How will I know if I am wheat or chaff?


----------



## BeyondPeru (Feb 9, 2009)

Ah yes, good ol' AndyPandora and Looby Lou.

Wheat or chaff?  There are no absolutes.  We are all made up of both.  It is only the proportions that change over time.

If you don't allow the critiques to grind you down, they can become liberating.

It is devastating to believe you have written pure Shakespeare, only for it to be pointed out that it's total tosh, riddled with cliches and error.  Doh!

Live and learn, my friend.  Write and learn.


----------



## Nickie (Feb 9, 2009)

Hi there, Pandora! Mm, the name Pandy reminds me of a mass murderer (he dissolved members of his family in acid) that I personally met. Quite a nice man, on the outside, but just think that I shook his hand...

Nickie


----------



## BeyondPeru (Feb 9, 2009)

Several years ago, I was briefly acquainted with a lady who killed her late husband with an axe.  Does that count for anything?
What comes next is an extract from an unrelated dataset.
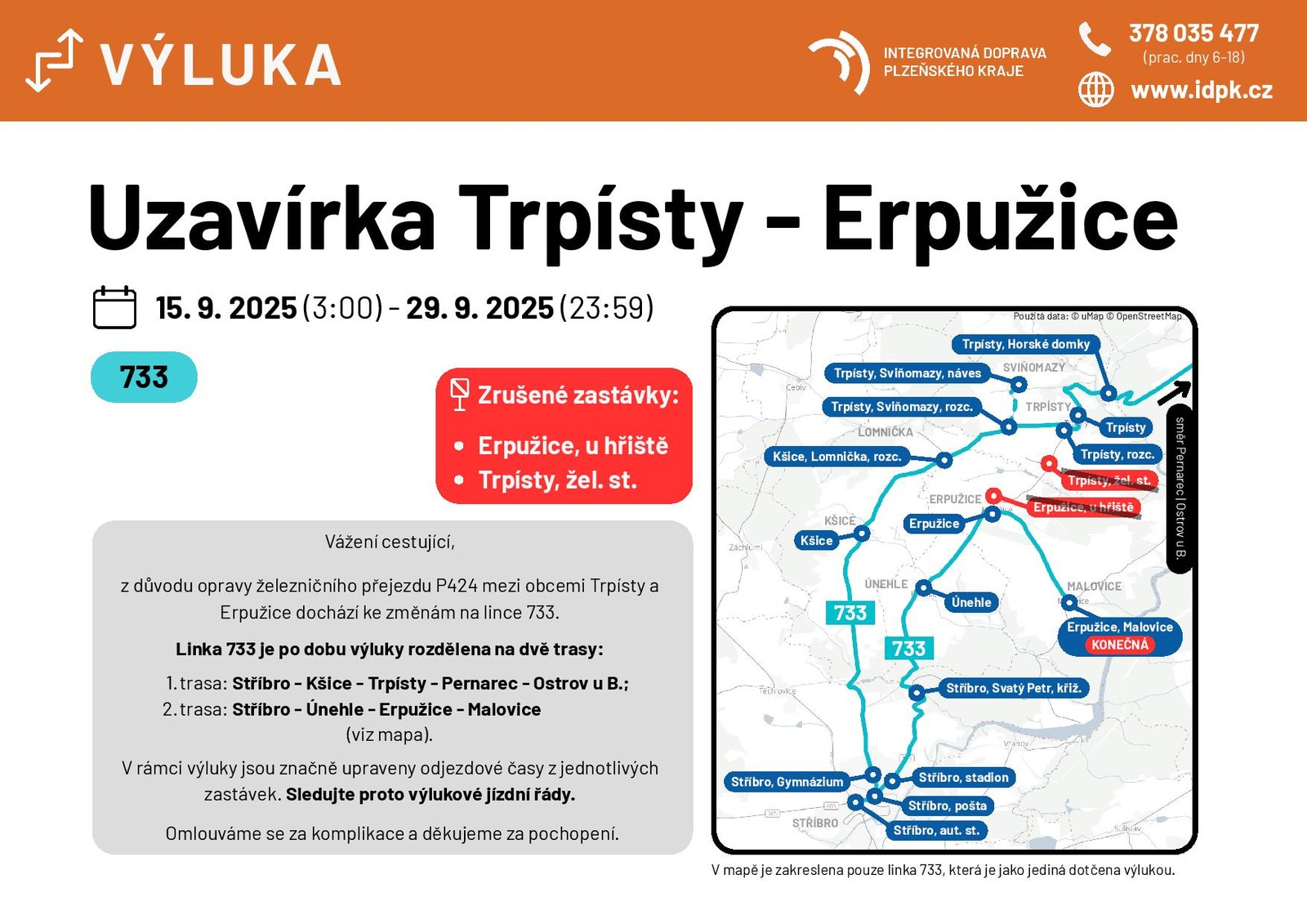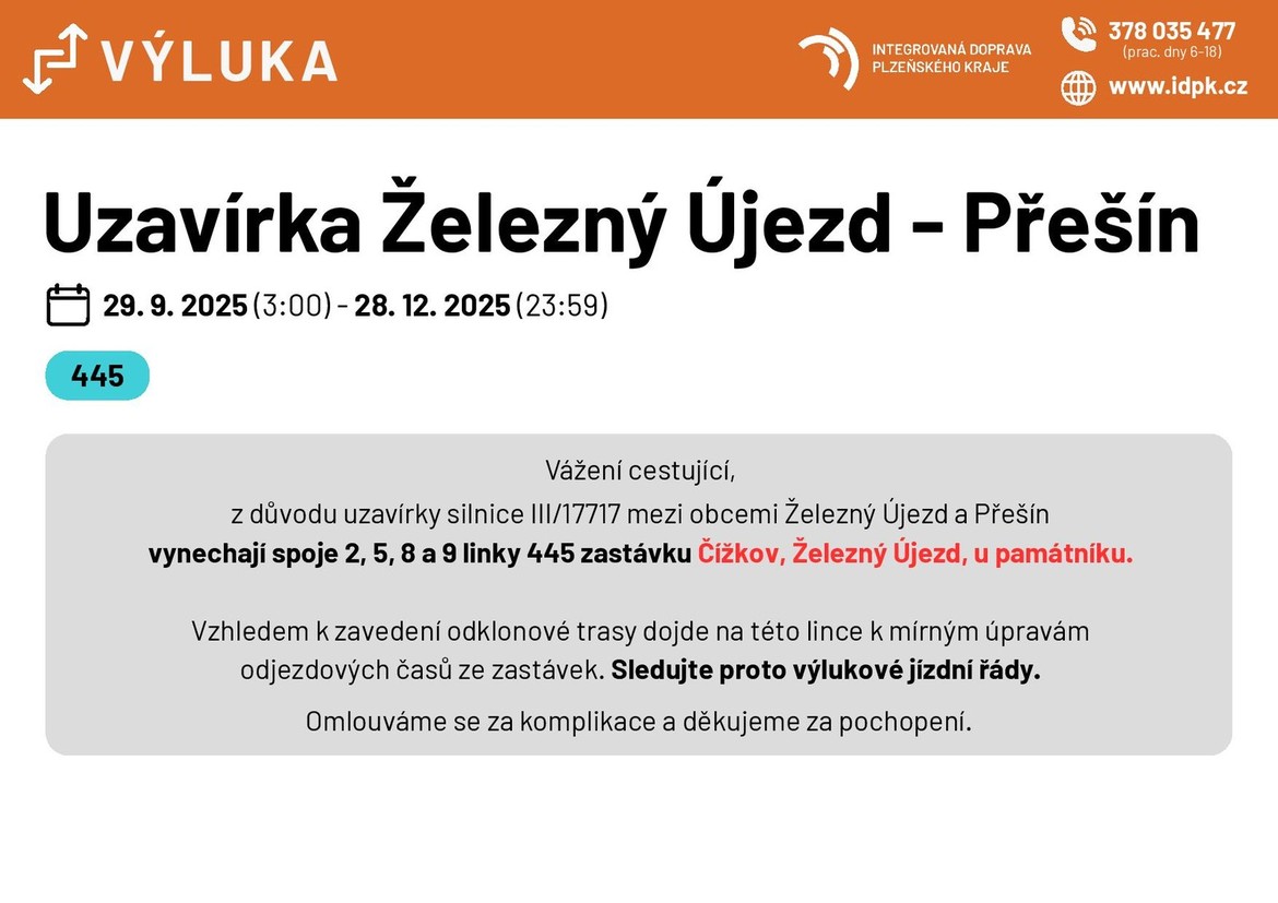 Plzeňský kraj: Uzavírka Železný Újezd - Přešín mění jízdní řád linky IDPK 445

Well, Pandora's Head, it sounds like you've finally come home.


----------



## Pandora's Head (Feb 9, 2009)

Nickie said:


> the name Pandy reminds me of a mass murderer


I don't quite know what to say...thank you?


----------



## Pandora's Head (Feb 9, 2009)

BeyondPeru said:


> it sounds like you've finally come home.


Put 'kettle on then.


----------



## Industrial (Feb 10, 2009)

Industrial welcomes you to the forums.


----------



## KangTheMad (Feb 10, 2009)

How do I open the box?


----------



## Pandora's Head (Feb 10, 2009)

Many thanks _Industrial_. 
_Kang_ - you think I give away those kind of secrets?


----------



## KangTheMad (Feb 11, 2009)

*offers flowers and chocolates*

tell me?


----------



## jpatricklemarr (Feb 12, 2009)

Welcome. I suppose, since I'm a Texan, I should say, "Welcome, ya'll!" Fortunately, I'm not a Texan who talks that way.


----------



## Pandora's Head (Feb 12, 2009)

Since I'm from sarf Lundun, I should say "Fanks mate, that's blindin'" Fortunately, I'm not a bird what talks that way eeva.

Bonjour.

Dora (Trotter)


----------



## Tiamat (Feb 12, 2009)

So I'm a bit late to this party but... welcome!


----------



## Pandora's Head (Feb 13, 2009)

Thank you!


----------



## Shinn (Feb 14, 2009)

Hi there and welcome


----------



## Pandora's Head (Feb 14, 2009)

Thank you!


----------



## Industrial (Feb 14, 2009)

Welcome to the forums


----------



## Pandora's Head (Feb 14, 2009)

Many thanks.
*does small pirouette on coffee table then falls, gracelessly on her arse*
Dora


----------